To koronawirusowy hit z zakresu biurokracji. Dekret z 16 marca nałożył na mieszkańców Francji obowiązek wypełniania oświadczeń o potrzebie przemieszczenia się. Jak one, te Francuzy, kochają… biurokrację.
Bez wypełnienia takiego certyfikatu ani rusz. Zgodnie z rozsądkiem wystarczyłoby opowiedzieć odpowiednim służbom, po co i na co wychodzi się z domu? „Regulowanie ruchu w ramach walki z rozprzestrzenianiem się wirusa Covid-19” – brzmi jednak lepiej.
Na formularzu, który można sobie ściągnąć z internetu wypełniamy rubryki o danych personalnych i adresie, później zakreślamy „właściwe”. Może to być:
1. Przemieszczenie się pomiędzy domem a miejscem wykonywania działalności zawodowej, jeżeli jest niezbędne do wykonywania czynności, których nie można zorganizować w formie telepracy (…)
2. Wyjście w celu dokonania niezbędnych zakupów w autoryzowanych placówkach (lista na Government.fr);
3. Przemieszczenie się ze względów zdrowotnych;
4. Wyjście z ważnych powodów rodzinnych, np. w celu udzielenia pomocy osobom wymagającym szczególnej troski lub opieki nad dziećmi;
5. Krótkotrwałe wyjście związane z indywidualną aktywnością fizyczną, z wyłączeniem zbiorowych praktyk sportowych lub dla potrzeb zwierząt domowych.

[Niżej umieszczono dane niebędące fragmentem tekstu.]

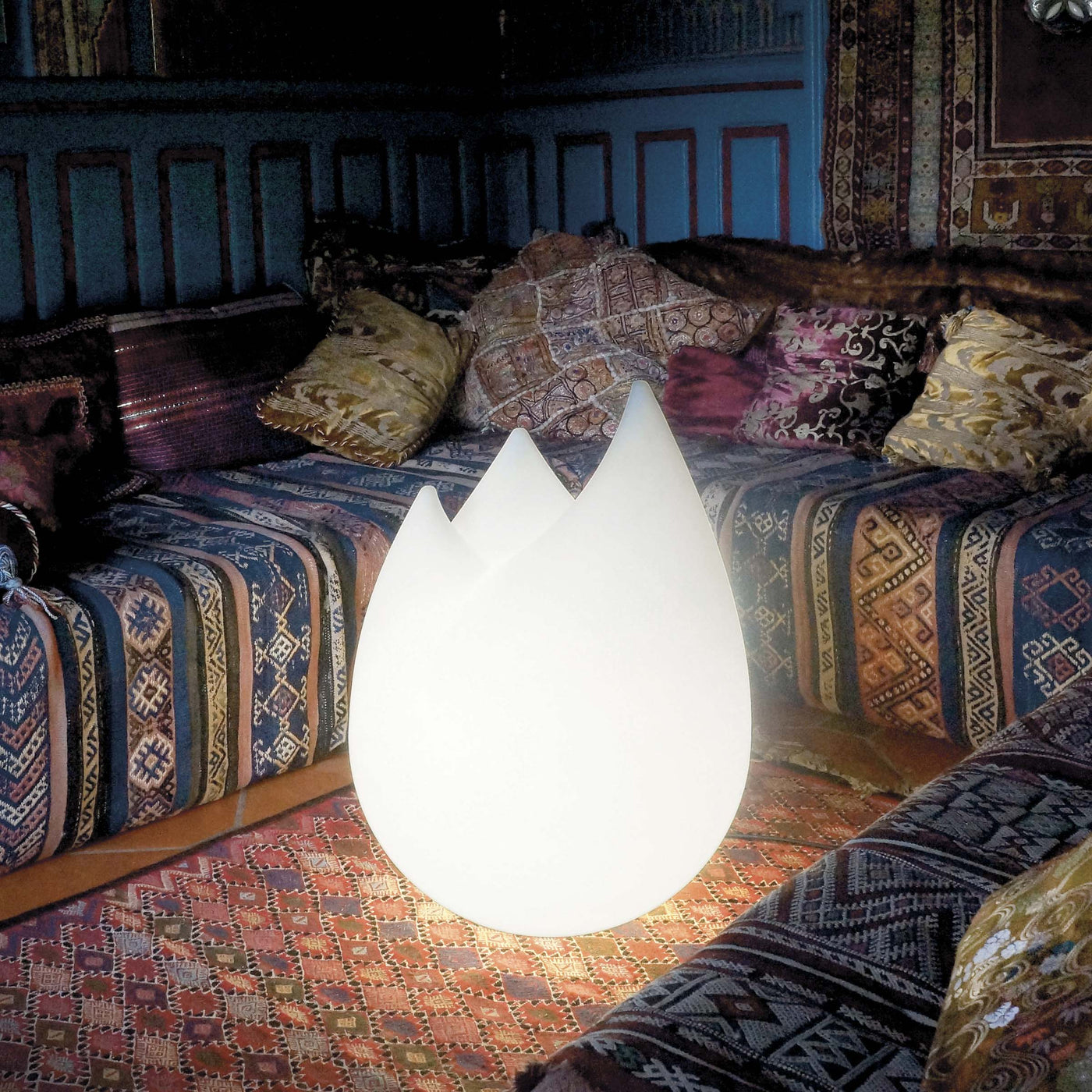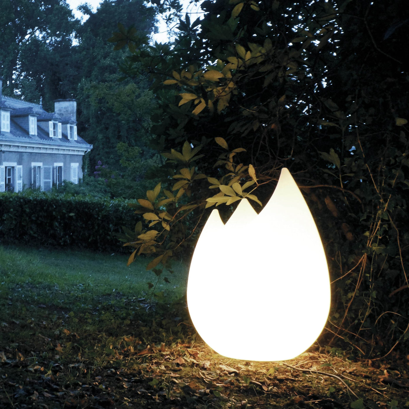 Cette lampe en forme de flamme évoque la connexion primordiale entre la lumière et le feu et illuminera terrasses, patios et jardins avec style.
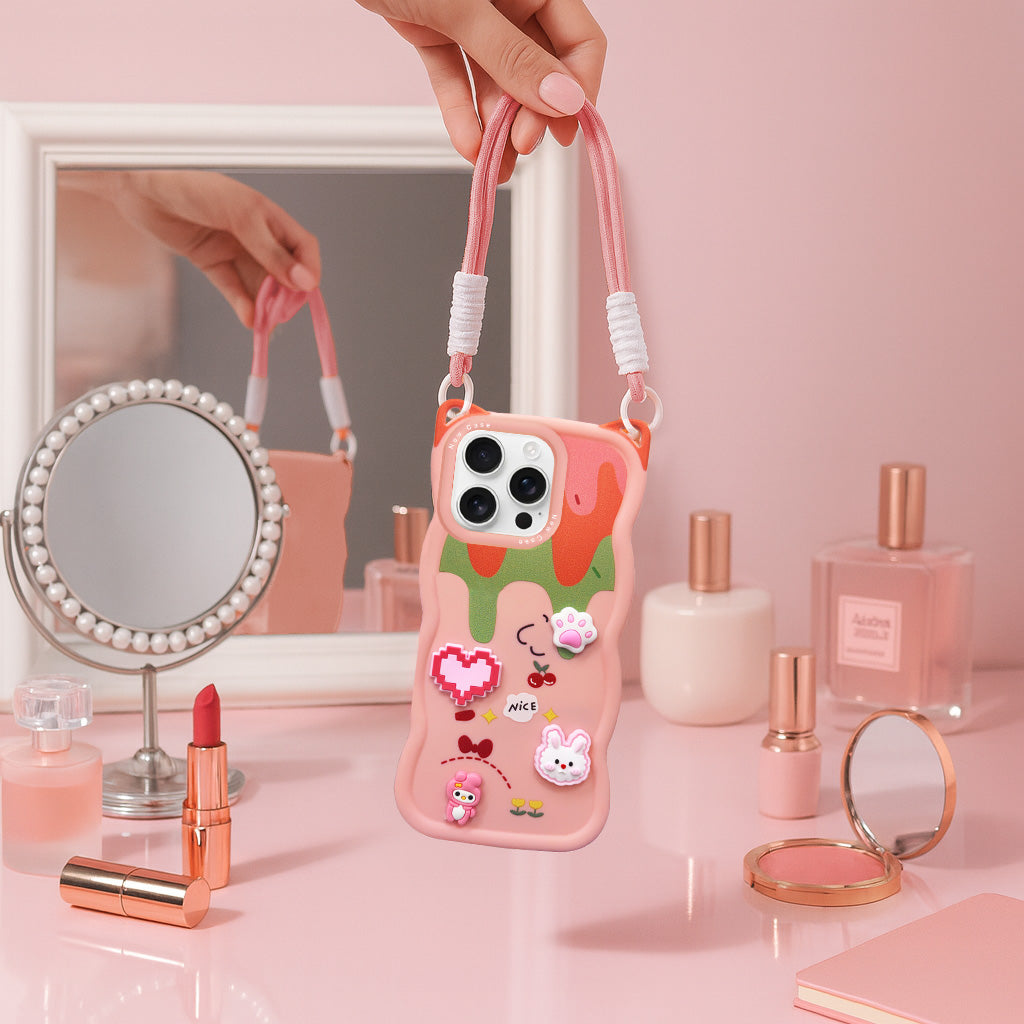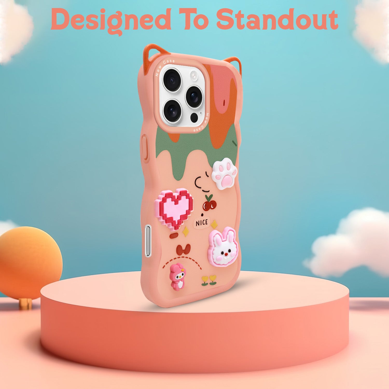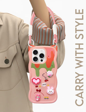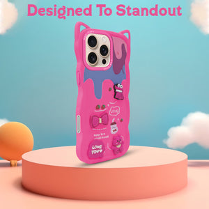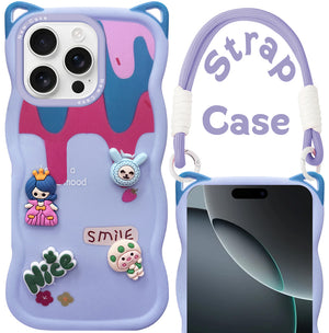 For Apple iPhone 16 Pro Max Back Case Cover Strap (3D Embossed Figures | Strap Holder | 360* Soft Cushion with Camera Bump)
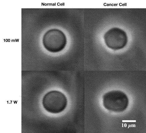 "Der Optische Strecker ermöglicht es uns, nach kranken Zellen zu 'fühlen' und nicht nur nach ihnen zu schauen", erklärt Dr. Guck. Kranke Zellen sind häufig weicher als gesunde Zellen. Außerdem unterscheiden sich Zelltypen nach ihrer Verformbarkeit. Krebszellen z.B. sind zwischen 2 und 10 mal weicher als gesunde Zellen und verformen sich unter dem Einfluss des Laserstrahls deutlich stärker als gesunde Zellen. Diese Eigenschaft macht sich das System des optischen Streckens zunutze.
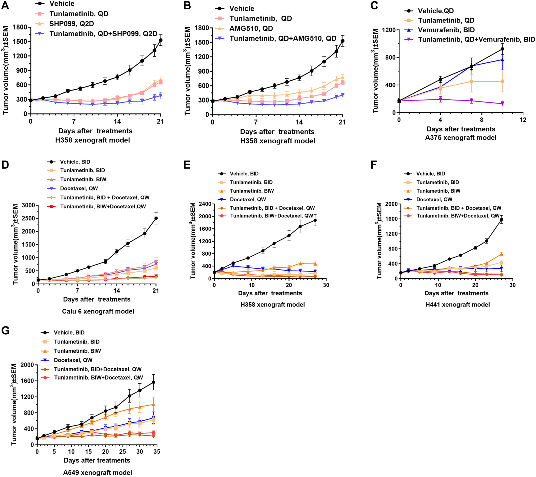 FIGURE 5. Tumor growth curves of combination treatments in cell line-derived xenografts. Tunlametinib combined with SHP2/KRASG12C/BRAF inhibitors in KRAS or BRAF mutant xenografts. (A,B) Tunlametinib (0.25 mg/kg, then decreased to 0.125 mg/kg from day 10, QD, P.O.) combined with SHP099 (50 mg/kg, then decreased to 25 mg/kg from day 10, Q2D, P.O.) or AMG510 (3 mg/kg, QD, P.O.) in H358 xenograft model (n = 8 mice per group). (C) Tunlametinib (1 mg/kg, QD, P.O.) in combination with vemurafenib (25 mg/kg, BID, P.O.) in A375 xenograft model (n = 6 mice per group). (D) Tunlametinib (0.5 mg/kg, BID or 3.5 mg/kg, BIW, P.O.) combined with docetaxel (10 mg/kg, then decreased to 7.5 mg/kg from day 8, QW, i. v.) in Calu-6 xenograft models (n = 8 per group). (E) Tunlametinib (0.5 mg/kg BID or 3.5 mg/kg BIW, P.O.) combined with docetaxel (10 mg/kg for 2 weeks, decreased to 7.5 mg/kg for 1 week, and 5 mg/kg for 1 week, QW, i. v.) in H358 xenograft models (n = 8 per group). (F) Tunlametinib (0.5 mg/kg BID or 3.5 mg/kg BIW, P.O.) combined with docetaxel (10 mg/kg for 2 weeks, then decreased to 7.5 mg/kg for 2 weeks, QW, i. v.) in H441 xenograft models (n = 8 per group). (G) Tunlametinib (0.5 mg/kg BID or 3.5 mg/kg BIW, P.O.) combined with docetaxel (10 mg/kg for 1 week, then decreased to 7.5 mg/kg for 4 weeks, QW, i. v.) in A549 xenograft models (n = 8 per group). Data were shown as mean ± SEM, *p < 0.05, **p < 0.01, ***p < 0.001, student t-test.

#CORONAVIRUS | Un autre formulaire, professionnel celui-ci, a été mis en ligne dans la matinée.
📃⬇️Il s’agit d’une attestation employeur affirmant l’absolue nécessité pour la personne qui le détient de se déplacer pour aller travailler.https://t.co/GxwshIcyiN pic.twitter.com/QLF6Ebr1Zz— Christophe Castaner (@CCastaner) March 17, 2020
Jeszcze jeden dowód na to, że etatystyczna Francja nie ma świecie sobie równych biurokratów. Swoją drogą uważają się za tak mądrych, że nie przewidzieli nawet rubryki „inne”.